There is nothing scary about it unless one is also scared of natural change, like getting older

Gringo, the only thing I find scarier than getting older is not getting older.

Peter Clothier said...

Dave, thanks for a very useful contribution here. You manage to get some perspective on the issue without being contentious or polemical. It's the kind of diablog I most appreciate. Best, PaL

Anonymous said...

Whew!!! That was long Gringo:). Now, while that may be true, may, it won't matter a whit if Bush decides to start up his bombing of other countries to shove so called 'democracy' down their throats! We won't have to worry about Global Warming, or a new Ice Age, there will be a lovely chain reaction, one that will warm up the planet alright... for a lot of years to come. So, why build the bubbles elsewhere? Build them here, we're gonna need them before it's over...

Anonymous said...

Gringo... just wondering:

If sea raises some kilometers, that means more water, less land to live and grow things on?? Where are u going to put the humans?? (We already have overpopulation)

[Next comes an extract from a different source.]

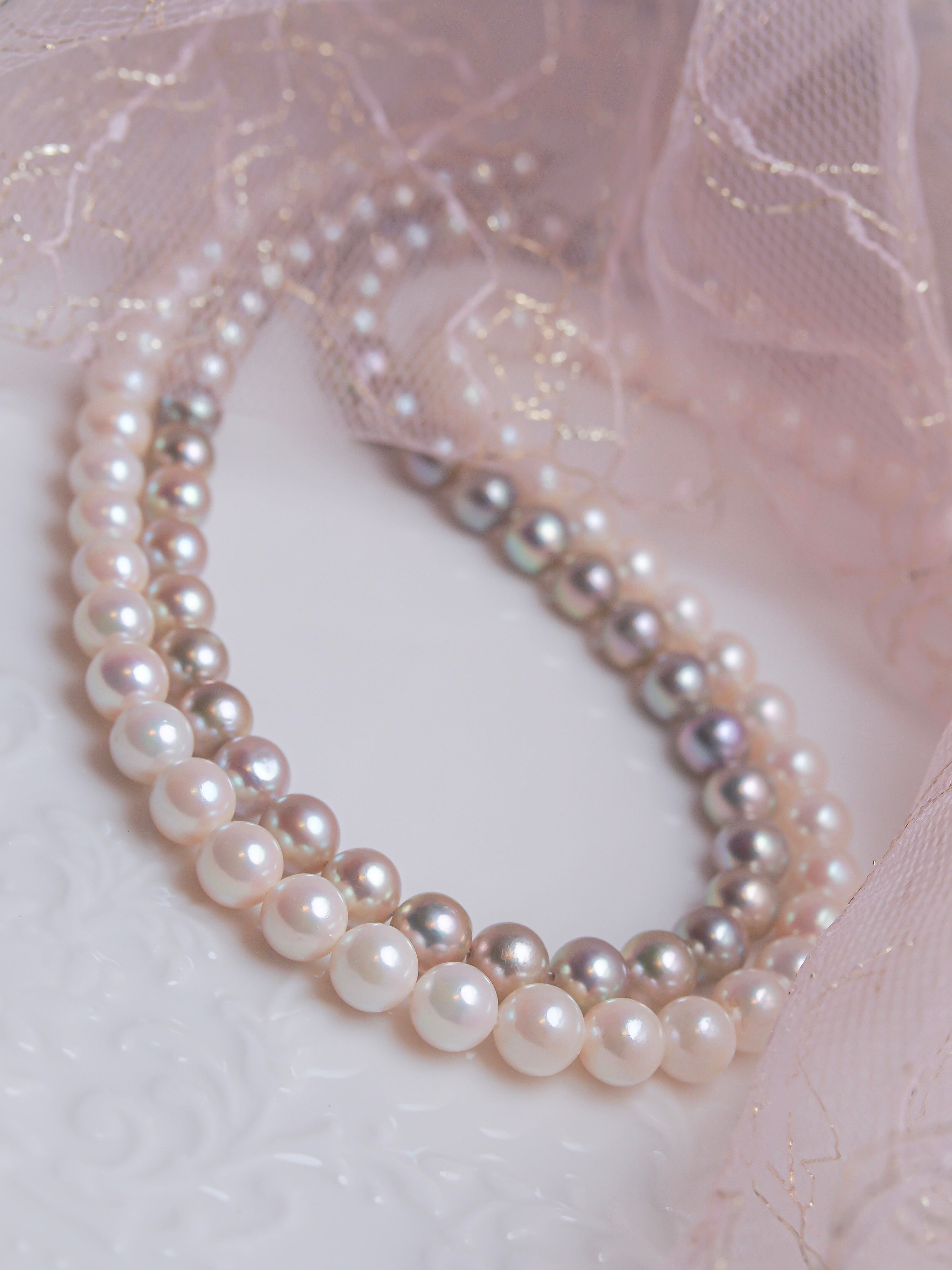 艶のあるMILKカラーのあこや真珠。

If CO2 is so good for earth... doesn't it means less oxygen?? What are we going to breath?? What about all the illnesses such asthma, or cancer due to excesive CO2??

What about the ozone whole?? More pollution will make this problem worst... I don't think dinosaurs had to worry about that...

Don't u think that there were this huge dinosaurs surviving in the planet... but not humans at all untill weather and air pollution changes happened... so this new environment was posibble for the human live??